Oh! Kanao tidak sadar fokusnya hanya pada laporan, tadi. Akan tetapi, memangnya kenapa dengan jam istirahat.

Tatapan Kanao belum beralih. Ia masih menunggu dengan sabar sampai Tanjirou menyelesaikan ucapannya. Kemudian, pernyataan Tanjirou berikutnya adalah hal yang tak pernah Kanao duga akan terjadi.

"Jika berkenan, saya ingin mengajak Kanao-senpai untuk makan siang bersama."

Kanao terperangah, dalam sekejap fragmen saraf yang berfungsi mengatur kosa kata di otaknya mengalami disfungsi.

Sepengetahuan Kanao. Tanjirou biasanya makan bersama kedua temannya–Zenitsu dan Inosuke–atau sang adik, Nezuko. Lalu mendengar ajakan Tanjirou tadi, apa pemuda itu tak salah ucap.

Karena Kanao tak kunjung merespon, Tanjirou kembali melanjutkan.

"Saya membawa sebotol ramune." Ia mengangkat paper bagnya. "Tapi, semoga Kanao-senpai menyukainya," tuturnya tersenyum tulus.

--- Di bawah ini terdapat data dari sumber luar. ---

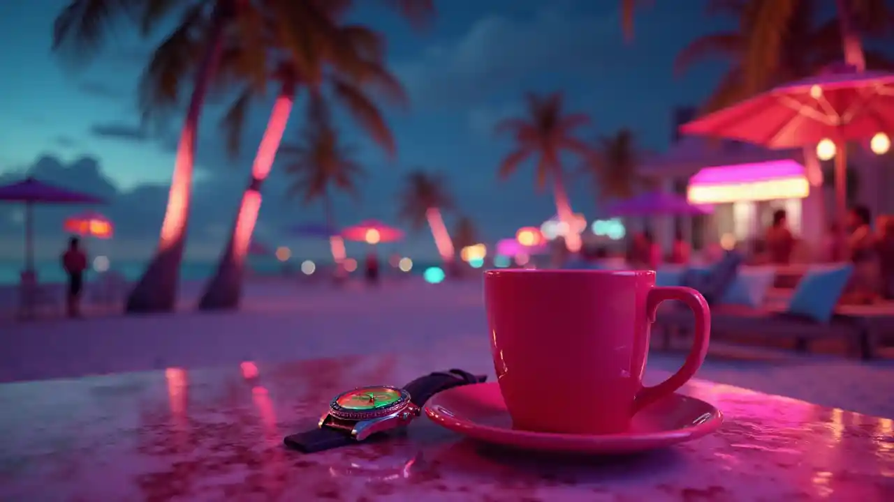 hyper-kweli neon palette, kina sana Miami pwani usiku, kikombe moja nyekundu juu ya meza, saa kigeni karibu na cocaine, Flamingos, mitende, injini ya ajabu, octane render, taa ya sinema, y2k, rangi mkali, hyper-kweli, angle ya chini, 16K, 8K UHD, 8K texture, cinematic, rim lighting, neon palette, theory, dramatic, volumetric lighting, 35 mm, in focus, unreal engine, detailed, octane render, ultra-high resolution.
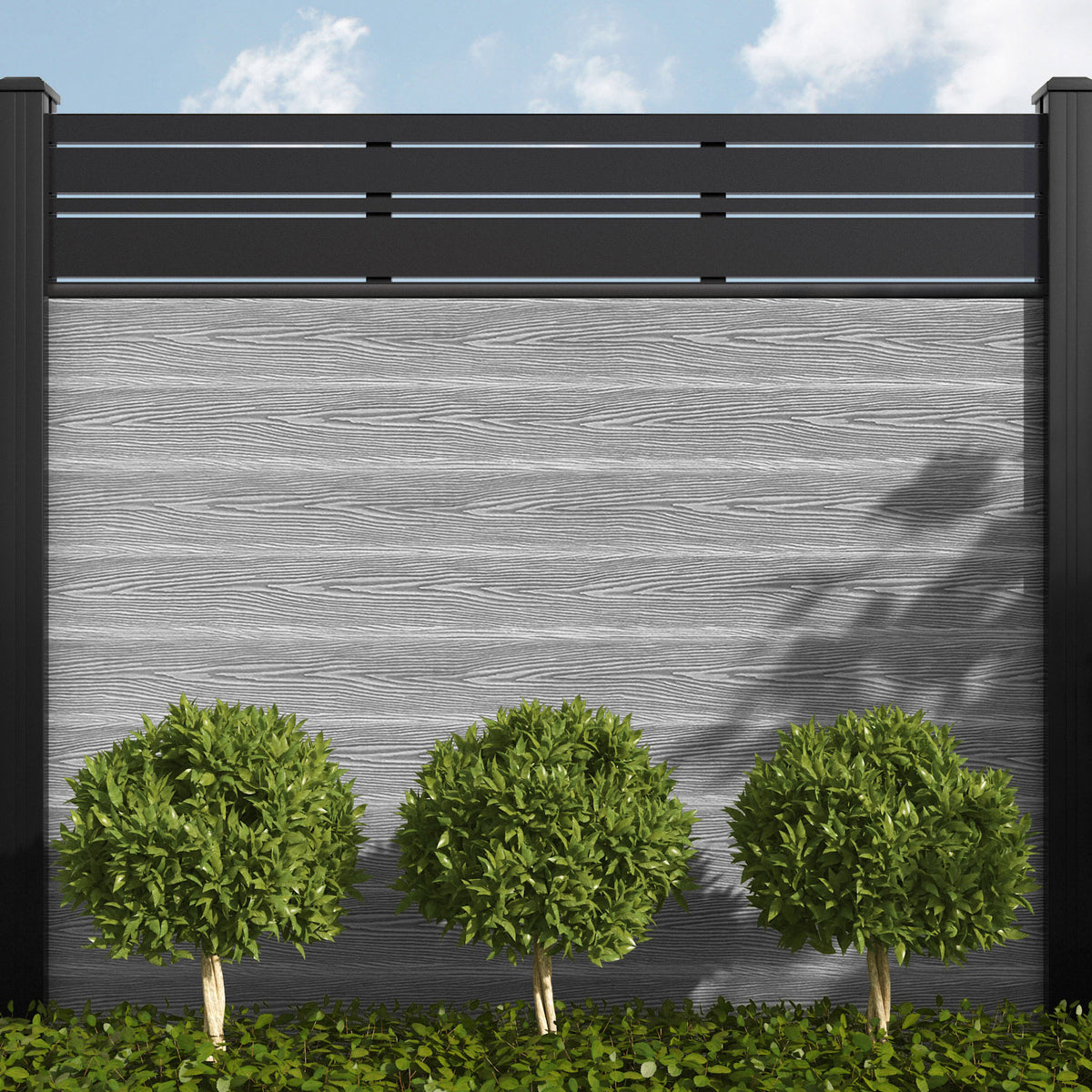 Our slatted screens feature a beautiful woodgrain finish to their display side. Use multiple slatted screens to achieve a striking, contemporary look, or combine with our fence slats for a customised design. You can pair our slatted fence screens with our powder-coated aluminium fence posts, or fit them to your existing concrete or wooden posts using our fence channels.
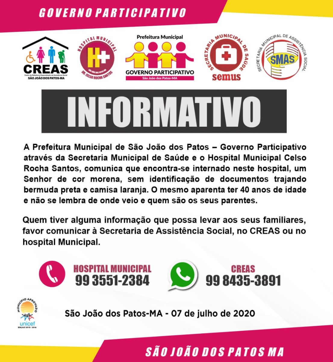 Há dois dias , um homem não identificado, está internado em um leito do Hospital Municipal Celso Rocha Santos,  em São João dos Patos, Maranhão, localizado a cerca de 292 quilômetros de Picos.

Untuk kedua kali, Kanao dibuat tak dapat bereaksi. Ramune selalu menempati posisi pertama sebagai minuman favorit Kanao. Yang jadi pertanyaan, bagaimana Tanjirou bisa tahu. Bahkan interaksinya dengan Tanjirou bisa dikatakan sangat jarang.

Mungkinkah sebuah kebetulan? Rasanya kebetulan tidak akan setepat ini.

Yang lebih mengherankan lagi. Apa yang mendorong Tanjirou–seseorang yang sudah dikenal populer–menawarkan makan siang bersama Kanao, yang jelas-jelas lebih suka menyendiri menikmati kesenyapan.

Lagi-lagi keduanya luput menyadari, jika sejak awal pertemuan. Ikatan takdir telah terhubung di antara mereka.


FIN!


A/N: Hallo, Ya! Prompt kali ini Peony yang mengeksekusi. Untuk yang paham, sebenarnya fanfik ini kelanjutan dari fic matching. Ya, ini masih fanfik trade sama Furaa. Lagi-lagi saya gak berharap apa-apa. Hanya ingin semoga fic ini sesuai dan dapat dinikmati pembaca. Bye-bye~!